Arizona Coyotes plan to fund new arena, recreation area in particular, says team leader/CEO

Now that the Arizona Coyotes have reached an agreement with Tempe City Council to continue negotiations on a new plaza and recreation area in suburban Phoenix, their team president and CEO, Xavier A. Gutierrez, the next challenge is to clear up misconceptions about what’s running — and how the team plans to pay for it.

“the biggest [hurdle] “Honestly it’s getting people to understand the project,” Gutierrez told ESPN on Wednesday. There was a transparent clause that really forbid us to speak out [before a June 2 hearing]. We’ve been keeping it under wraps for months, so now we’re making people comfortable. We say, “We’ll pay for all of this.” And we have [been met with] Some skepticism about that, but that’s what we’re really suggesting.”

Coyotes brass presented its $1.7 billion project to Tempe City Council in an eight-hour marathon session that included comments from more than 100 citizens and included more than 220 written statements before a 5-2 vote for the team.

Wolves are looking for more than just a yard and training facility to become their permanent home. Their offer includes a 46-acre site – currently used as a landfill – which will also include hotels, apartments, retail stores and other outposts that Gutierrez insists will be beneficial to the entire community.

But as Gutierrez knows all too well, there are doubts about wolves’ ability to make this happen financially without help. The team received a notice of termination from the Gila River Arena in December 2021 in part over $1.3 million in unpaid taxes — which the team settled — and Coyote was among the lowest sources of income in the NHL.

Gutierrez insists they are not looking for a flyer to revive Tempe’s vision.

“It will be financed by the private sector,” he said. “We’re going to put up the capital. We’re going to actually buy the land. And then we apply for the city’s issuance bonds whose only guarantee will be land and real estate, so the taxpayers will never be at risk. We’re going to be very excited about creating our first privately funded recreation area.” in the history of Arizona”.

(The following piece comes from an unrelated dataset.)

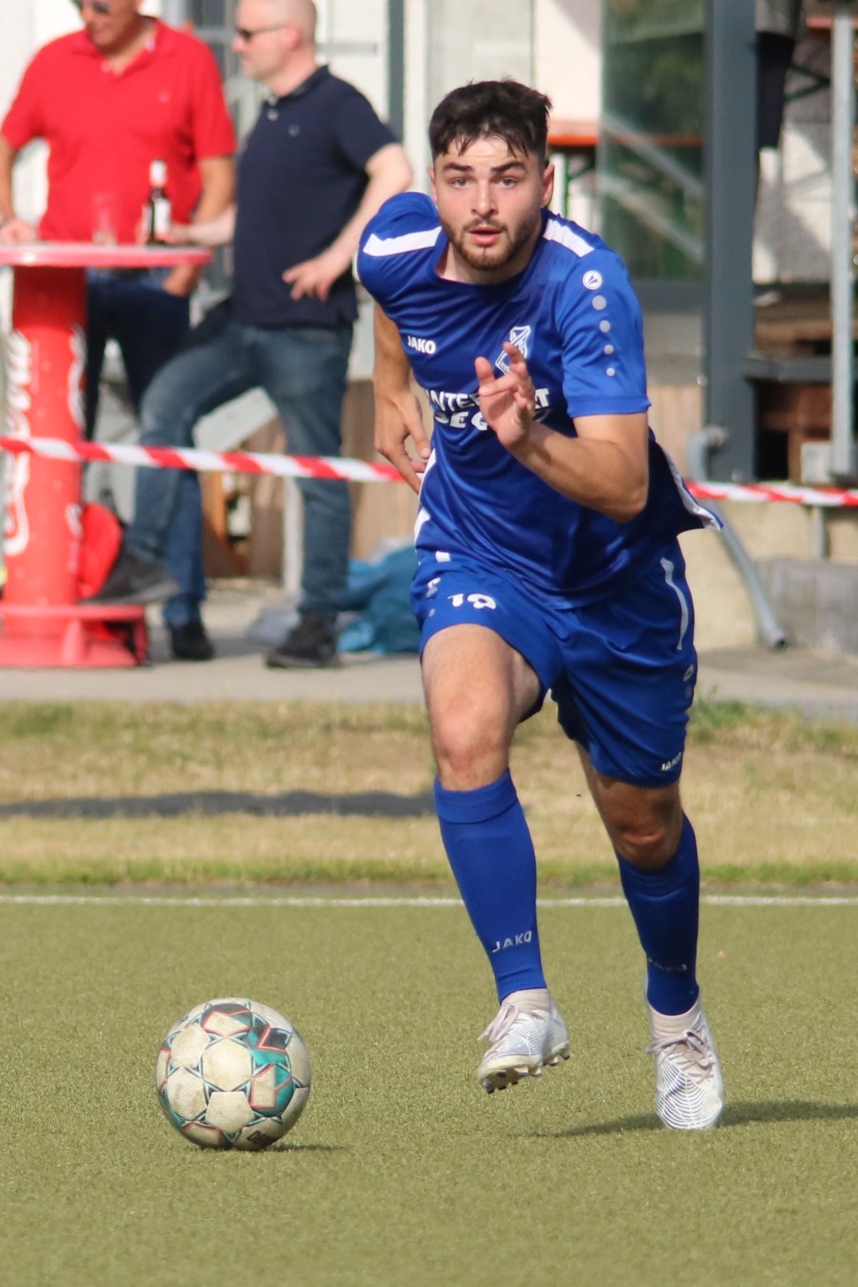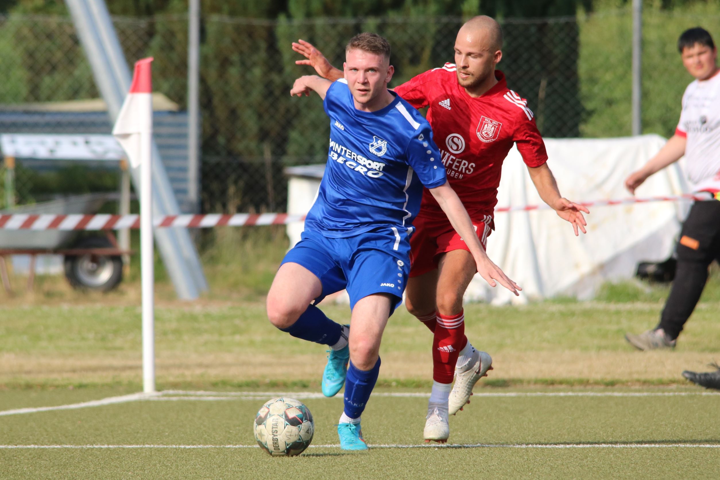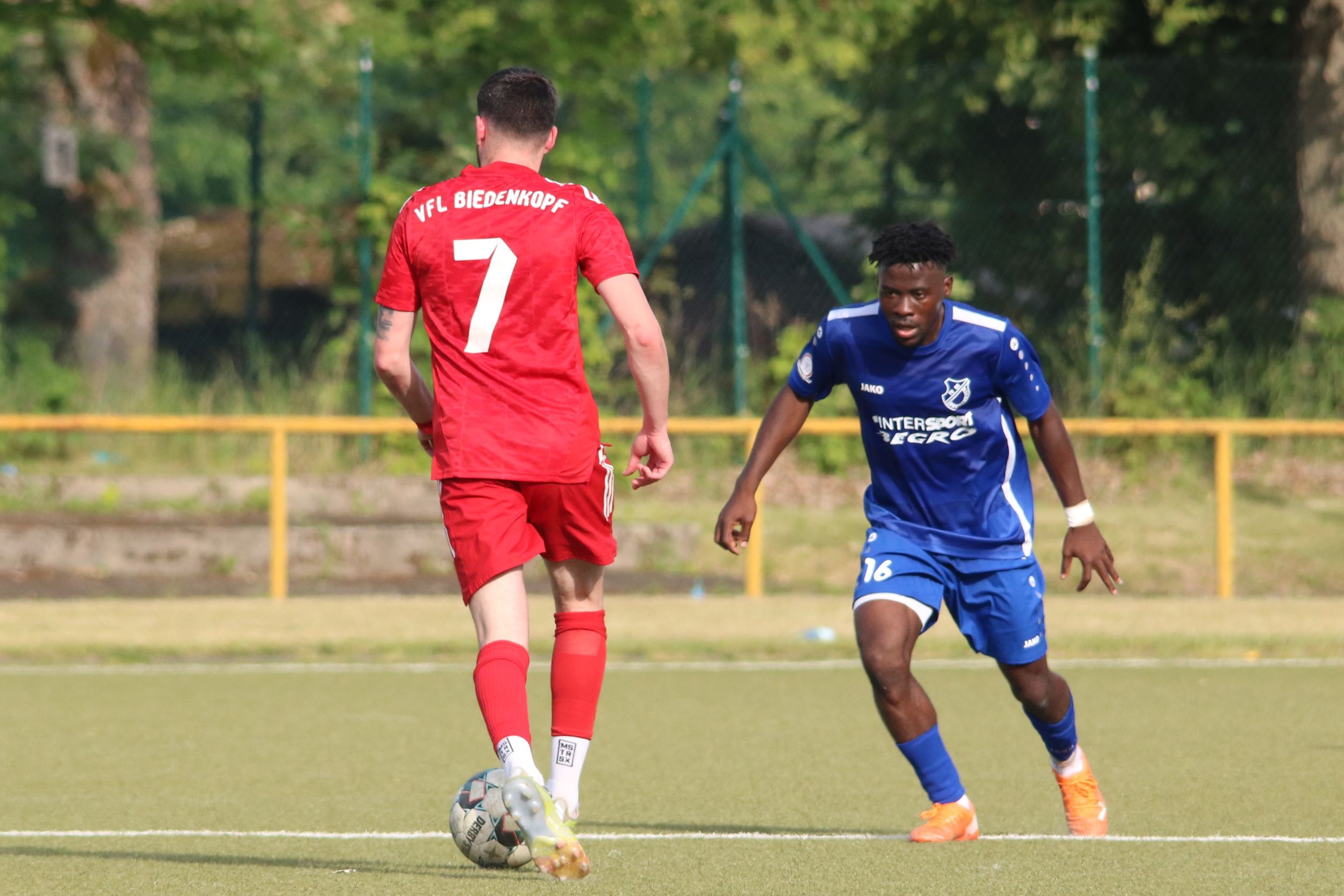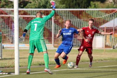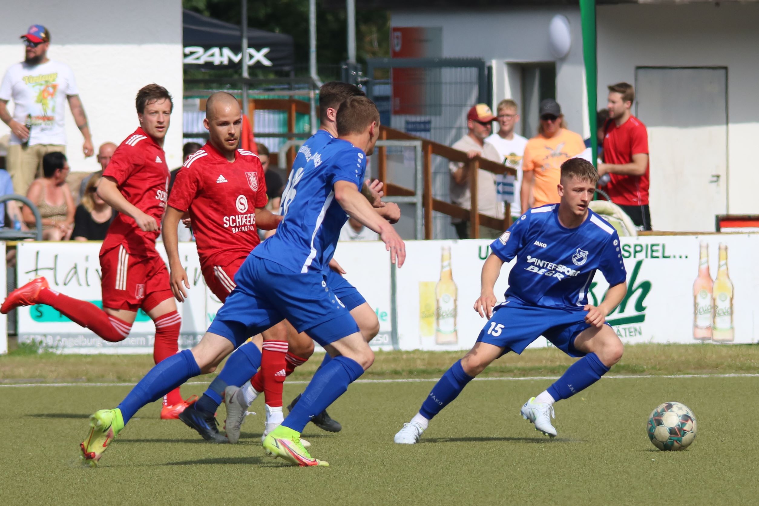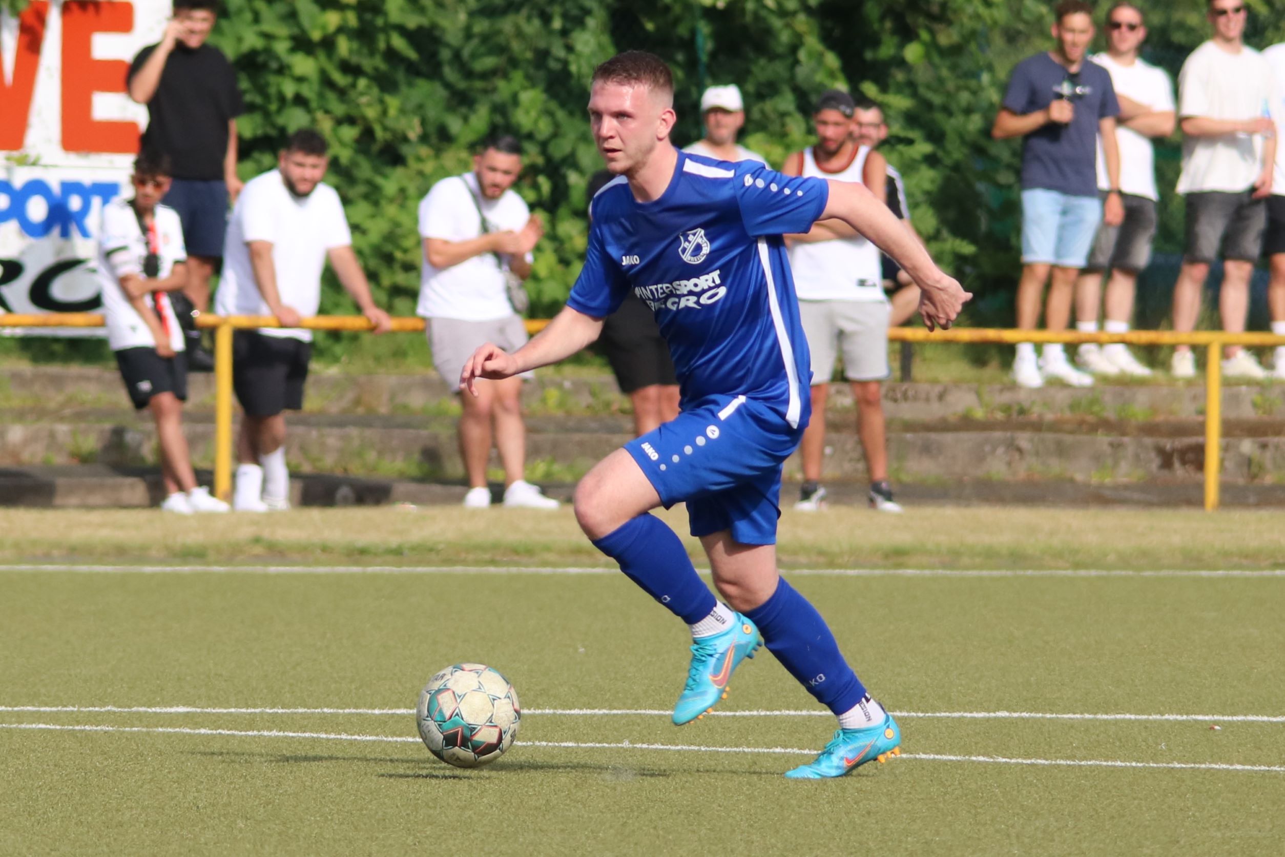 Das sollte sich in Halbzeit 2 dann ändern. Der Uhrzeiger hatte noch keine ganze Minutenumdrehung hinter sich gebracht, als Felix Baum im letzten Moment gestoppt wurde. Doch schon 30 Sekunden später sollte Breidenbachs Topspieler zeigen, warum er seit 10 Jahren das Maß aller Dinge im heimischen Fußball ist. Als der Ball den Weg in den Strafraum fand und die Kugel im hohem Bogen auf dem am zweiten Pfosten platzierten FV-Sturmführer flog, setzte dieser per Fallrückzieher mit einer Klasseaktion das Highlight des Spiels. Baum Abschluss war für Biedenkopfs Keeper Geiss unerreichbar und so stand es 1:1 in der 46. Minute. Jetzt war Breidenbach richtig im Spiel und dominierte gegen eine VfL-Elf, die sich doch beeindruckt zeigte. Als Aaron Künkel in der 55. Minute zum Solo ansetzte und sich mit einer Klasseaktion gegen mehrere VfL-Akteure durchsetzte, stand er plötzlich im Strafraum alleine vor Dominic Geiss. Eiskalt zeigte er sich im Abschluss und vollstreckte zum 1:2. Biedenkopf reagierte und Trainer Vladi Kovacevic wechselte Lukas Cegledi ins Mittelfeld ein. Das der bekanntlich im Kopfballspiel zu den guten gehört, sollte er bereits 5 Minuten später zeigen, als er als Abnehmer eines weiten Freistoßballs am langen Pfosten das Leder zum 2:2 einnickte. Jetzt war die Partie wieder völlig offen und beide Teams versuchten bei den hohen Temperaturen nochmal alles, um mit dem lucky Punch die Partie für sich zu entscheiden. Breidenbach erspielte sich dabei in Durchgang 2 einige Vorteile, agierte mit den ganz starken Alex Mamro und Dilan Vuantu im Mittelfeld, die mit FV-Kapitän Lukas Müller einen super Fixpunkt in der Zentrale hatten. Seine bravouröse Leistung krönte Breidenbachs Nils Cakar dann in der 70. Minute, als er nach einem seiner vielen gewonnenen Zweikämpfe mit einer ganz starken Einzelaktion über die rechte Angriffsseite durchmarschierte und im Stile eines Klassestürmers den spielentscheidenden Treffer zum 2:3 erzielte. Biedenkopf versuchte zwar am Ende nochmals alles, musste aber auch der laufintensiven Anfangsphase ein wenig Tribut zollen. Unser Team verteidigte klasse und verdiente sich den Sieg am Ende.

Getting this project off the ground would, more urgently, give the wolves a long-term home. The Coyotes’ lease at the Gila River Arena expires on June 30, and over the next three seasons, they’ll play at a 5,000-seat venue still under construction in Arizona.

Even a yes from city council doesn’t mean coyotes are about to start. There are months of negotiations between the city and developers, as well as community meetings and public forums.

“We respect this process with the city of Tempe and what they need to feel comfortable with,” Gutierrez said. “We told them we’d like to make a decision in the fall. We’d like to start repairing this land and building that first phase, which will include the new arena, the training facility, and a couple of other uses. We’re not in control of that, and we’ll be working with the city to create a truly meaningful partnership.”

There are also questions about noise and traffic and how incoming properties will affect local businesses. Wolves take a folk approach to allay some of those fears.

“It is up to us to make sure that we get out there and have those conversations, get that educational level, and say, ‘Hey, this is how we approach problems,'” Gutierrez said.

This dialogue will take place while the Wolves play in Arizona. Gutierrez said construction is on track to be completed in September or October.

Coyotes had to invest about $30 million to finish the NHL annex that provides the required locker room and medical facilities not normally available on college premises. Gutierrez said the playoff will not be completed when the NHL opens the 2022-23 season in October, but the Coyotes are planning to host games sometime that month.

Gutierrez declined to comment specifically on ticket sales for the Coyotes Games in Arizona, but said they are going “very well” and promised details soon.

Whatever Coyotes have up their sleeve, NHL Commissioner Gary Pittman is firmly behind them. Bettman previously said that if Project Tempe were approved, he would ensure that the Coyotes were not allowed to move for 30 years and that the arena would host the All-Star Game and the NHL Draft.

In media availability Wednesday, Bettman reiterated that it is not “unprecedented” for the NHL to play temporarily in small venues if the bigger picture is in mind.

“You have to do what you have to do if you believe in a long-term market,” Bateman said. “Obviously there is some work to be done before we can put a shovel into the ground [in Tempe]. But the more reports I get, [it sounds like] Everyone does what they need to do as efficiently as possible.”